§ What needs to be done:
Starting at the line that has "Es importante destacar, que" and stopping after the line that has "- 가장 흔한 원인: 잘못된", reproduce the listing below exactly; omit everything else.

§ Data section:
::::

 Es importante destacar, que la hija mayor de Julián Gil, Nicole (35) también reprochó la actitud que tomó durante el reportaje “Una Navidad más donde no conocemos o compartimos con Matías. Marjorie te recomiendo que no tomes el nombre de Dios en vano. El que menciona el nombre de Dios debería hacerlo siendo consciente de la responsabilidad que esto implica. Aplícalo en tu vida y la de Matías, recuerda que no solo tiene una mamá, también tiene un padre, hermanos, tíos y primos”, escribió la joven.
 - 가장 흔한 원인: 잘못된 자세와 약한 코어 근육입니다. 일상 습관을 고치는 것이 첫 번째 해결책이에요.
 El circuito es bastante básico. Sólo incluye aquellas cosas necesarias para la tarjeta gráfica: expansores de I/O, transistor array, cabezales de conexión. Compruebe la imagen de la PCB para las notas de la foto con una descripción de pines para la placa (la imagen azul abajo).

::::

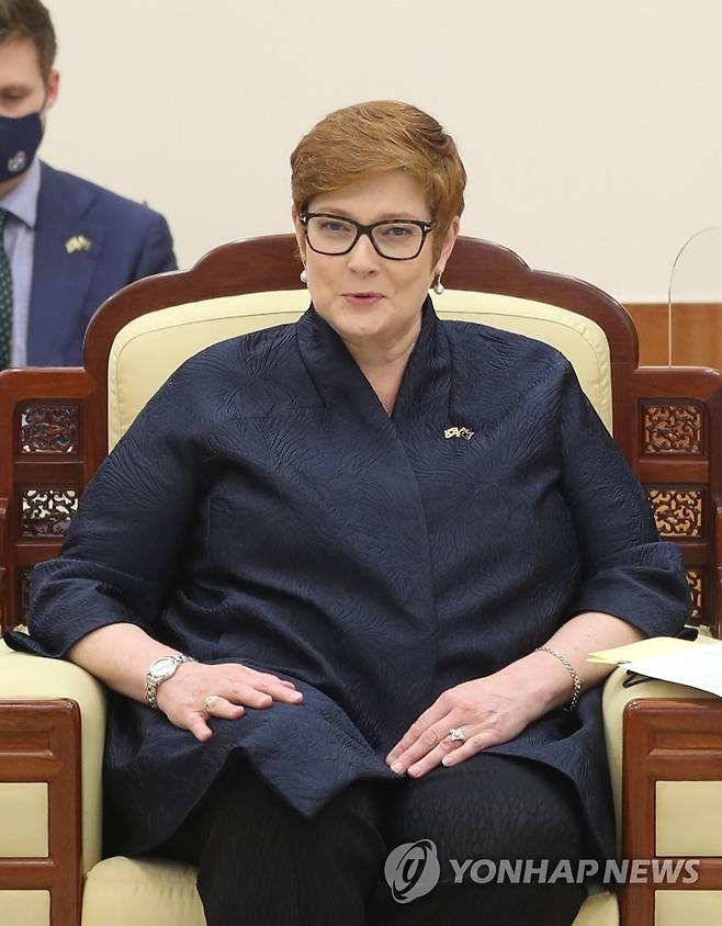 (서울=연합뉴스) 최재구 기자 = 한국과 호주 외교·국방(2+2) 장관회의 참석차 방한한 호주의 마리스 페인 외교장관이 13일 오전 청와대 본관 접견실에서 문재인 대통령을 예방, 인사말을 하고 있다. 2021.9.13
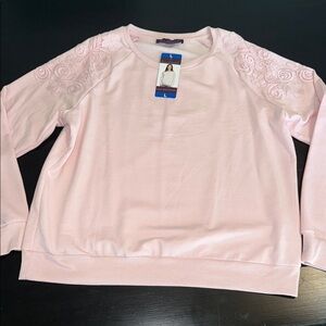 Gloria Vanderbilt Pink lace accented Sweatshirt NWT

::::

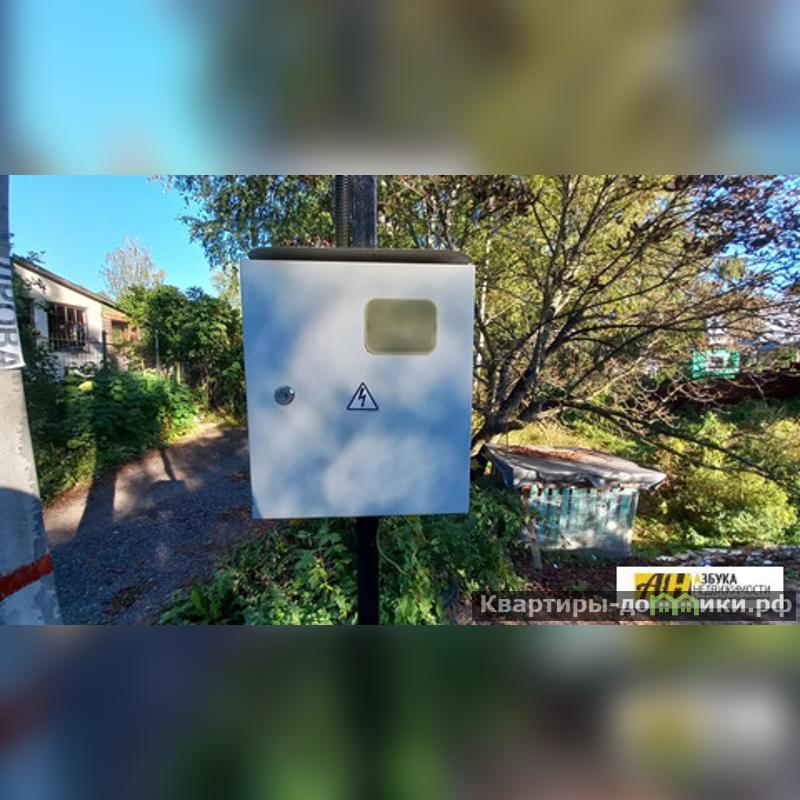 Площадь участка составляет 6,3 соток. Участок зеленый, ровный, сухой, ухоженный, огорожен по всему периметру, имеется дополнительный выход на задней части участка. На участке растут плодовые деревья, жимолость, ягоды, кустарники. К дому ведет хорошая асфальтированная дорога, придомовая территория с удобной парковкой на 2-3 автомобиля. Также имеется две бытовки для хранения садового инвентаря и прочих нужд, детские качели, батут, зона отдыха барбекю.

::::

§ Result of this exercise:
 Es importante destacar, que la hija mayor de Julián Gil, Nicole (35) también reprochó la actitud que tomó durante el reportaje “Una Navidad más donde no conocemos o compartimos con Matías. Marjorie te recomiendo que no tomes el nombre de Dios en vano. El que menciona el nombre de Dios debería hacerlo siendo consciente de la responsabilidad que esto implica. Aplícalo en tu vida y la de Matías, recuerda que no solo tiene una mamá, también tiene un padre, hermanos, tíos y primos”, escribió la joven.
 - 가장 흔한 원인: 잘못된 자세와 약한 코어 근육입니다. 일상 습관을 고치는 것이 첫 번째 해결책이에요.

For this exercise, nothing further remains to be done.